Salameh has been indicted by Buresi for a series of financial crimes, but the focus of her questions to Kheireddine, at least that portion highlighted by Daraj, pertained to several journalists. In their investigation, the French noticed that Salameh had paid off five journalists or media commentators after the financial crisis of 2019 through Mawarid Bank, apparently so these individuals could defend him publicly.
According to the article, Kheireddine admitted that the system Salameh employed to pay the five was aimed at concealing the transactions. Salameh would deposit money from his personal account into Mawarid’s account at the central bank, after which he would contact Kheireddine by telephone or WhatsApp to notify him. The banker would then transfer the money to the designated individuals.
There had long been stories circulating that Salameh bribed journalists and media outlets to burnish his image, but the Daraj article was the first to confirm such accusations. What it underlined was the corruption and ethical shortcomings that permeate the Lebanese media landscape, but also the society in general.
I myself have been a victim several times of the lack of professionalism, even self-respect, on the part of fellow journalists. In 2019, a prominent columnist in the daily An-Nahar, Sarkis Naoum, lifted an article I had written in its entirety, and published it under his name without any effort to reference me. On another occasion, a leading television station, MTV, purloined an article I had written and turned it into a short clip on its nightly news, again without mentioning the source.
Such behaviour is par for the course in a country that takes pride in cutting corners. Lebanon has always seen itself as the country of the possible, the realm of the back-up plan, reflecting a flexibility that helps explain its impatience with principle.
And yet, the country for a long time remained a stimulating outpost for media freedom in the Middle East, even if many journalists were assumed to be on the take. The reason for this is that media outlets were used as instruments in political infighting, so that they revealed quite a bit about their rivals. A careful follower of the news could learn a great deal if he or she understood the political agendas of contending newspapers or television stations.

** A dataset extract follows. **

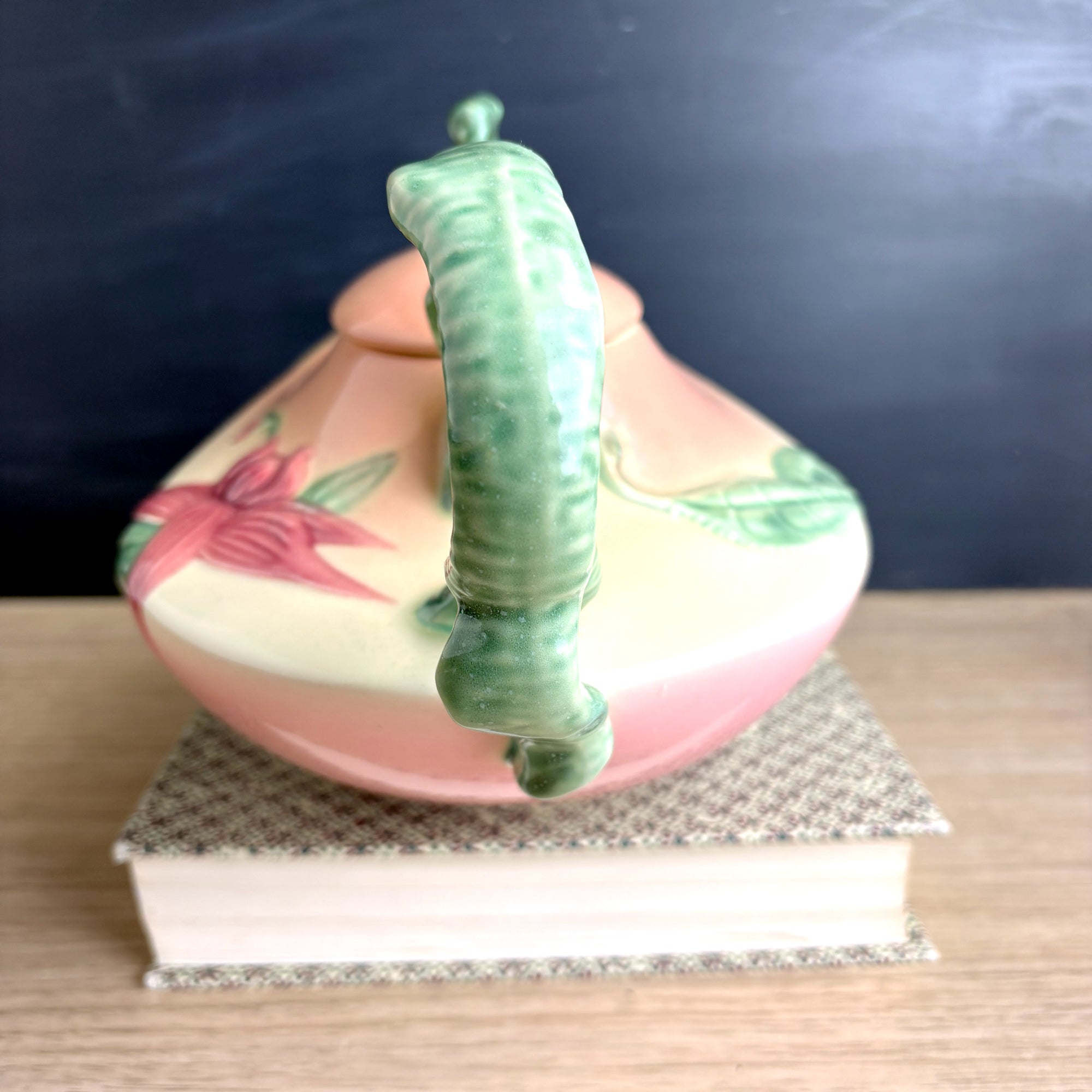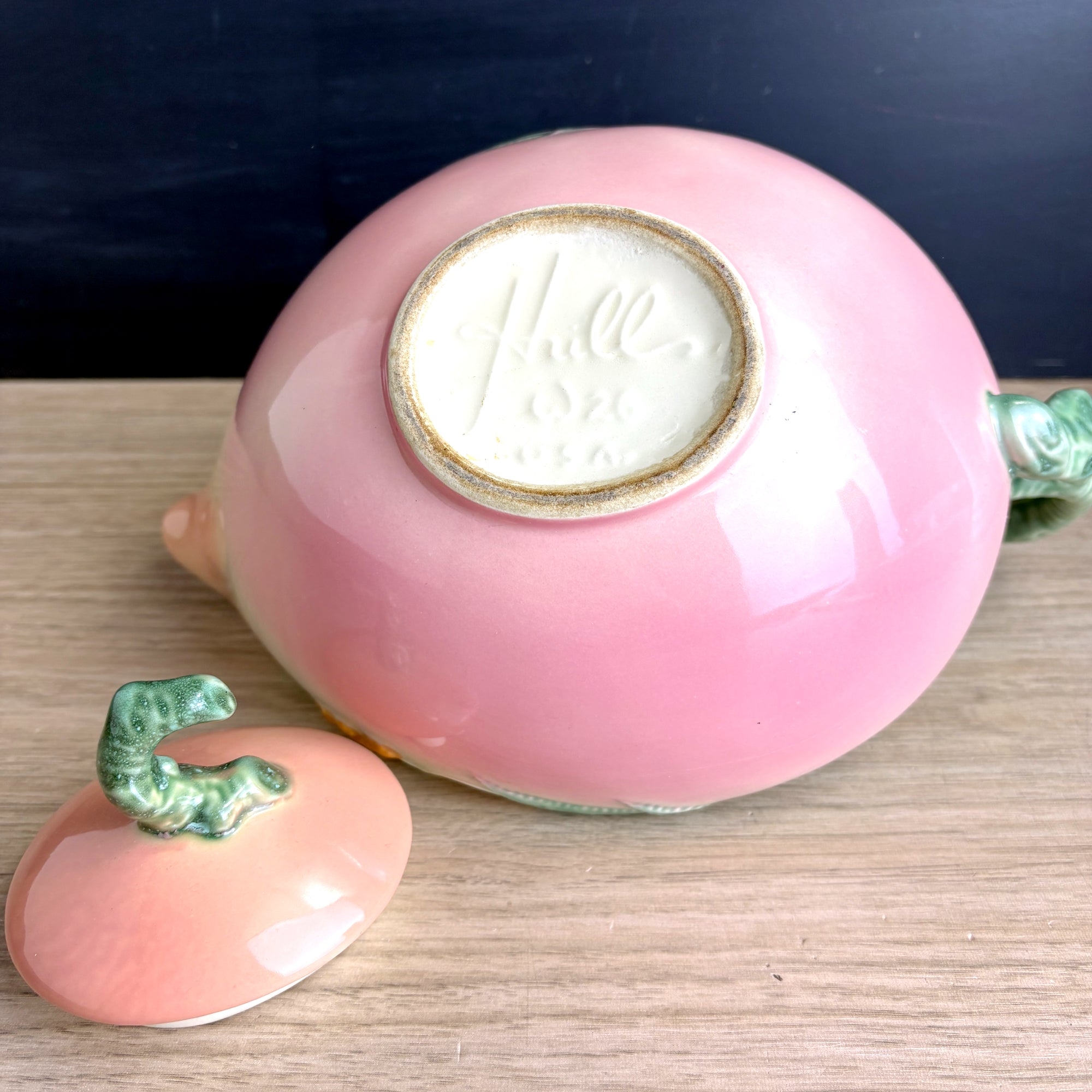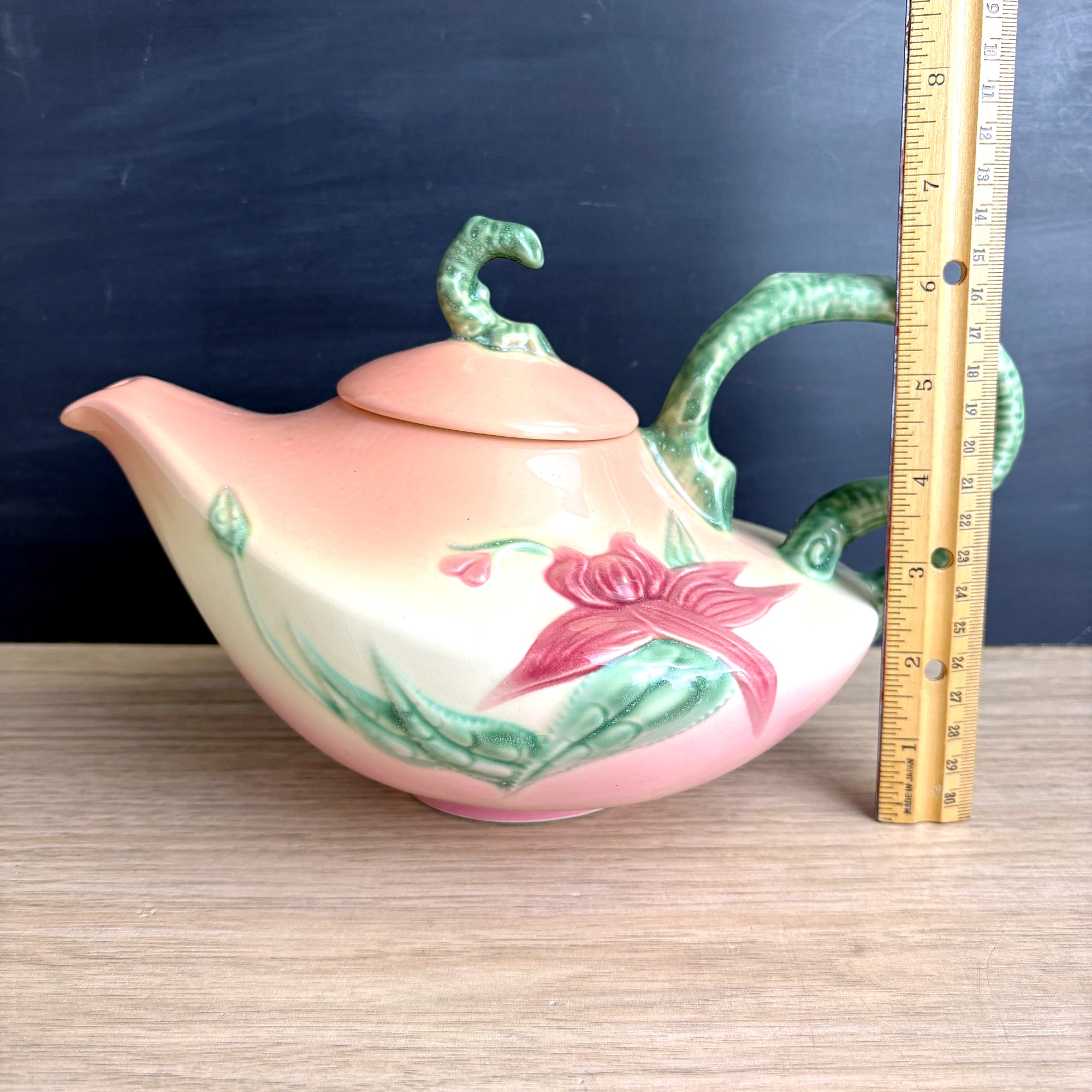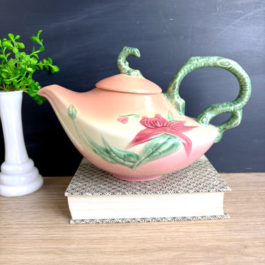 Hull Pottery Woodland pink and green Aladdin teapot - W-26 - 1950s vintage

What the media world had in Lebanon, and still has to an extent, is pluralism, and listening to many sides can help in pasting together a fairly accurate image of what is taking place. But that doesn’t change the fact that this is far from ideal journalistically. Those who follow the news shouldn’t have to become code-breakers to get a better sense of what their officials are actually thinking or doing.
Salameh’s manipulations are a case in point. Well into 2019, the former central bank governor was reassuring the public that Lebanon had enough foreign currency reserves to avert a financial collapse. On the basis of such reassurances, many people kept their money in local banks, even though it was becoming increasingly difficult for depositors to withdraw U.S. dollars that year. Today, their misplaced confidence has very likely cost them everything.
Salameh’s siren songs were relayed by the journalists and commentators whom he funded, who were therefore complicit in duping the public. Behavior like that cannot simply be written off as an example of “Lebanese flexibility.” It involves criminal disinformation.
It’s a shame to see what Lebanon’s media world risks becoming. It was always “under the influence,” but that didn’t prevent good journalism. Today, there are still credible journalists plying their trade, who are not on some politician’s or official’s payroll. However, you have to fear that these people are a dying breed.
The only bright light comes from the collapse of the business model of media outlets after the civil war—if such a term can be used for so base a process. For decades, local and regional political money kept many outlets afloat, but that’s no longer true. Political money has dried up. Now, more independent online publications are opening, and they are looking for sustainable means of survival, not handouts. Among the success stories, a legacy newspaper, the French-language L’Orient-Le Jour, has adopted a commendable online subscription-based model.
Daraj is another prime example of this new path. It has collected journalists from traditional media outlets, letting them loose without political commandments. Many are friends, I must disclose, and their freedom also happens to be ours.